Prevalence of pathogenic BRCA1/2 germline mutations among 802 women with unilateral triple-negative breast cancer without family cancer history

  • Background: There is no international consensus up to which age women with a diagnosis of triple-negative breast cancer (TNBC) and no family history of breast or ovarian cancer should be offered genetic testing for germline BRCA1 and BRCA2 (gBRCA) mutations. Here, we explored the association of age at TNBC diagnosis with the prevalence of pathogenic gBRCA mutations in this patient group. Methods: The study comprised 802 women (median age 40 years, range 19–76) with oestrogen receptor, progesterone receptor, and human epidermal growth factor receptor type 2 negative breast cancers, who had no relatives with breast or ovarian cancer. All women were tested for pathogenic gBRCA mutations. Logistic regression analysis was used to explore the association between age at TNBC diagnosis and the presence of a pathogenic gBRCA mutation. Results: A total of 127 women with TNBC (15.8%) were gBRCA mutation carriers (BRCA1: n = 118, 14.7%; BRCA2: n = 9, 1.1%).

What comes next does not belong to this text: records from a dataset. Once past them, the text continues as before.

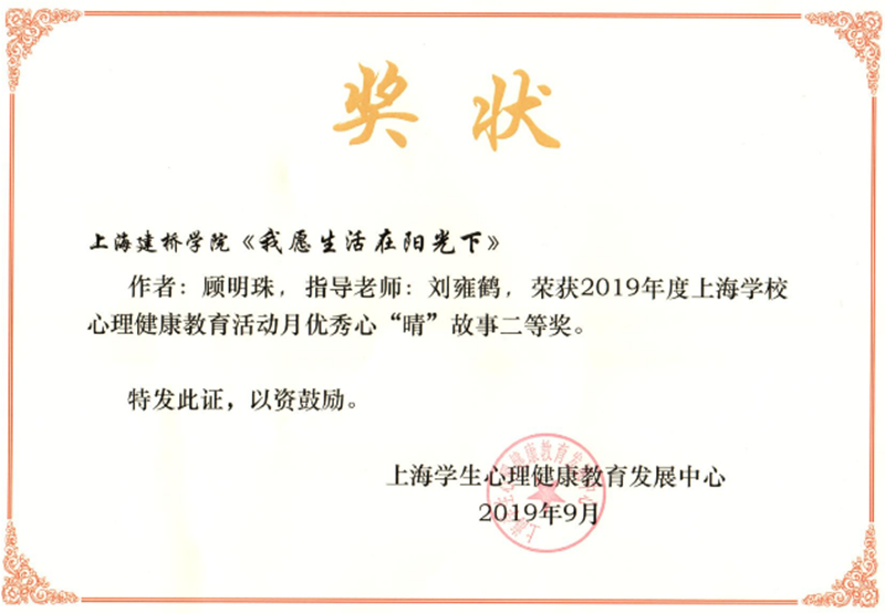 我校申报的《多“彩”心路,“晴”照中华,我与祖国一起成长》荣获2019年度“上海学校心理健康教育活动月”优秀组织奖;《我愿生活在阳光下》获得优秀“心晴”故事二等奖。
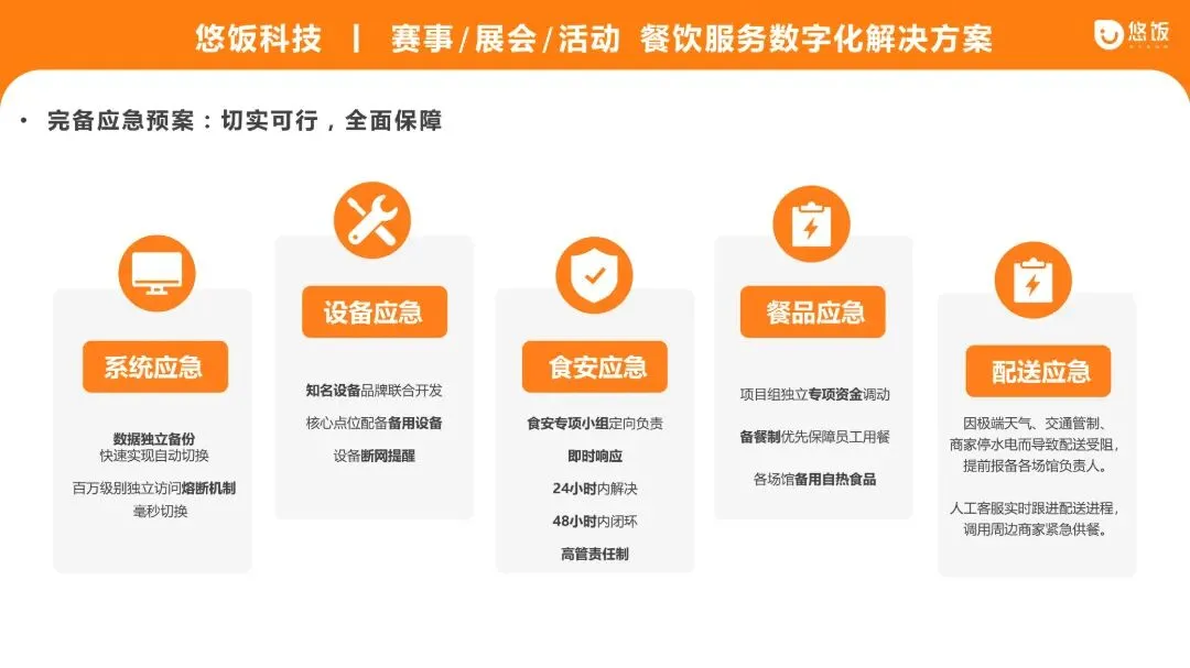 针对大型赛事、展会、活动,多场景多流程,社会关注度高,突发隐患应对难,舆情风险易发酵的挑战,悠饭科技围绕系统、食安、配送、舆情等多方面,制定全方位应急预案,并配备7x24小时专项服务团队,确保任何突发状况均在15分钟内响应,48小时内闭环处理。
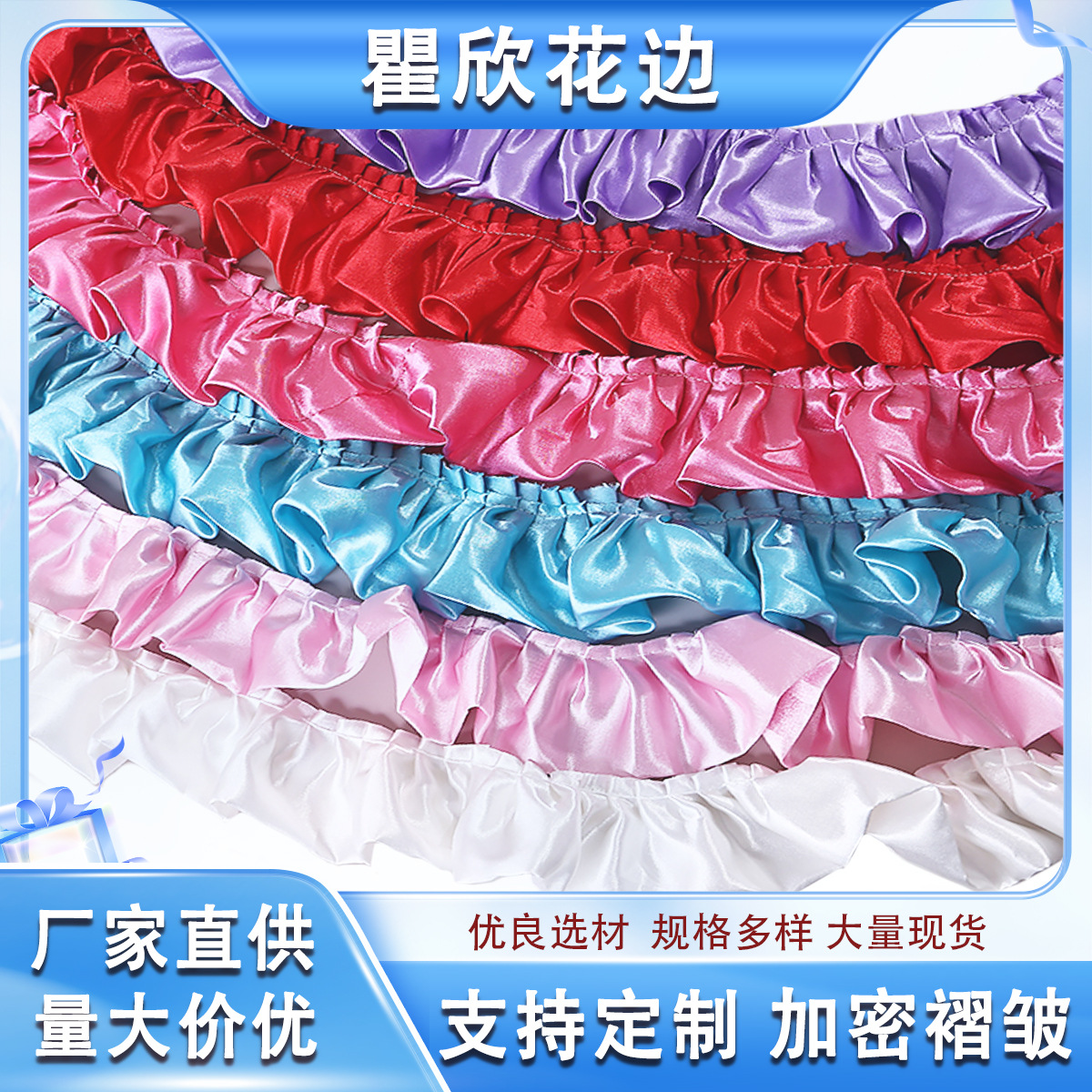 5.5cm Wide Double-Layer Satin Colorfulful Fungus Edge Pleated Lace Curtain Pillow Clothing Baby Clothes DIY Decoration
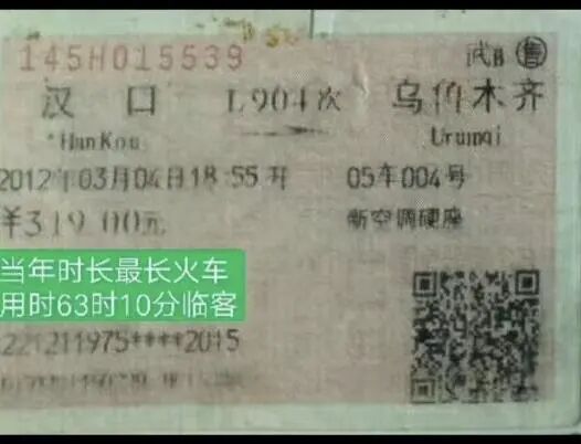 2012年,他坐上了从起始站汉口发往终点站乌鲁木齐的L904次列车,经历了近三天三夜的“煎熬”。
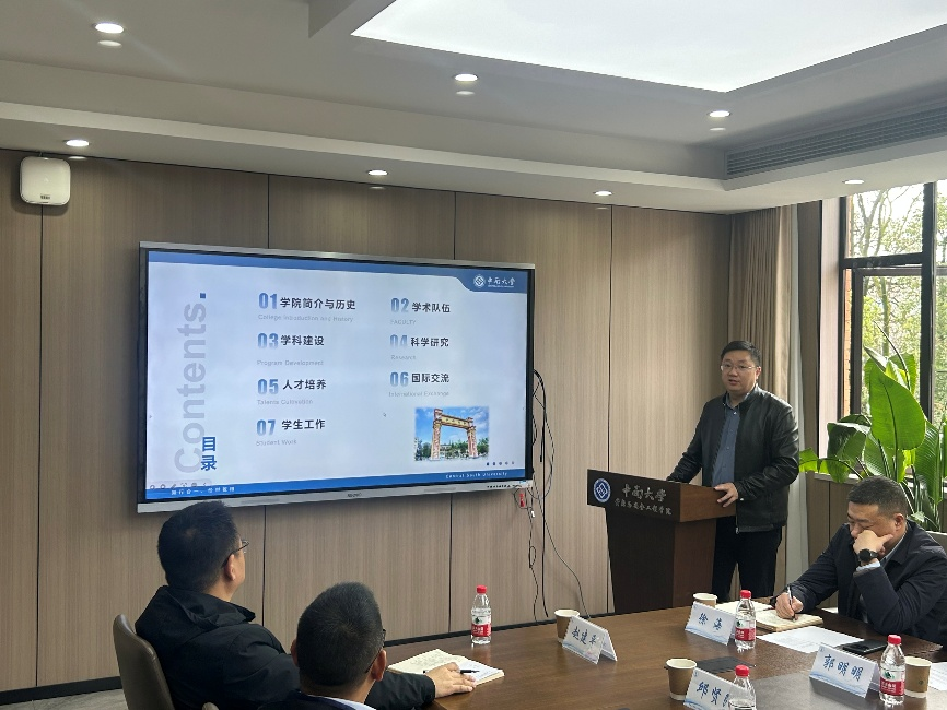 会议伊始,李地元副经理对长沙有色院一行的到访表示热烈欢迎。随后,朱志根副总经理逐一介绍了来访嘉宾。接着,长沙有色院科研创新中心(科技管理部)主任熊有为详细介绍了长沙有色院的历史沿革与发展概况。李地元副经理随后介绍了资安院的办学历史、团队建设、人才培养与科研创新成果,并逐一介绍了学院参会人员。
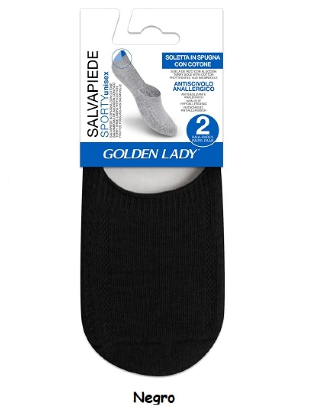 Descripción: - Salvapies de plantilla de algodón con banda acanalada en el empeine para mayor estabilidad al calzar. - Plantilla tejida en suave esponja con algodón y elaboración perforada para máxima transpirabilidad. - Protección antideslizante hipoalergénica en el talón para garantizar una perfecta estanqueidad y ajuste. Composición: 86% Algodón,12% Poliamida, 2% Elastano.
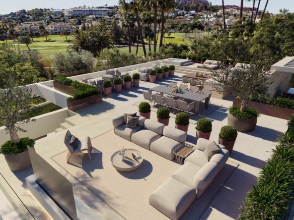 Elevate your entertainment aspirations on the rooftop terrace – a dream come true for those who love to host. Here, you'll discover an outdoor kitchen, spacious seating and dining areas, an open-air cinema, and a luxurious DROP spa. From this vantage point, you'll relish unparalleled views of the golf course and the picturesque valley, creating an atmosphere of pure sophistication.
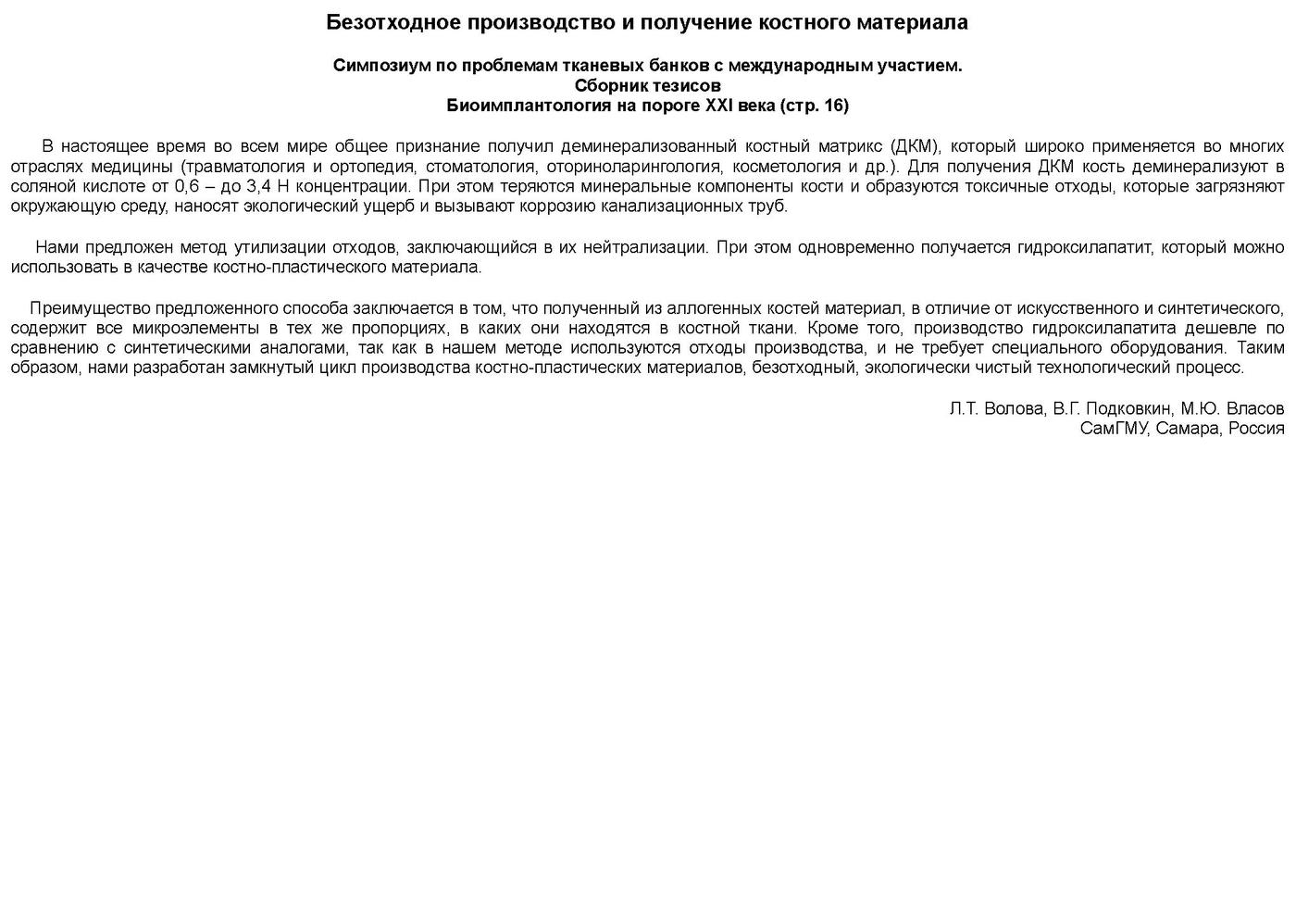 Таким образом, нами разработан замкнутый цикл производства костно-пластических материалов, безотходный, экологически чистый технологический процесс.

The mutation prevalence was 32.9% in the age group 20–29 years compared to 6.9% in the age group 60–69 years. Logistic regression analysis revealed a significant increase of mutation frequency with decreasing age at diagnosis (odds ratio 1.87 per 10 year decrease, 95%CI 1.50–2.32, p < 0.001). gBRCA mutation risk was predicted to be > 10% for women diagnosed below approximately 50 years. Conclusions: Based on the general understanding that a heterozygous mutation probability of 10% or greater justifies gBRCA mutation screening, women with TNBC diagnosed before the age of 50 years and no familial history of breast and ovarian cancer should be tested for gBRCA mutations. In Germany, this would concern approximately 880 women with newly diagnosed TNBC per year, of whom approximately 150 are expected to be identified as carriers of a pathogenic gBRCA mutation.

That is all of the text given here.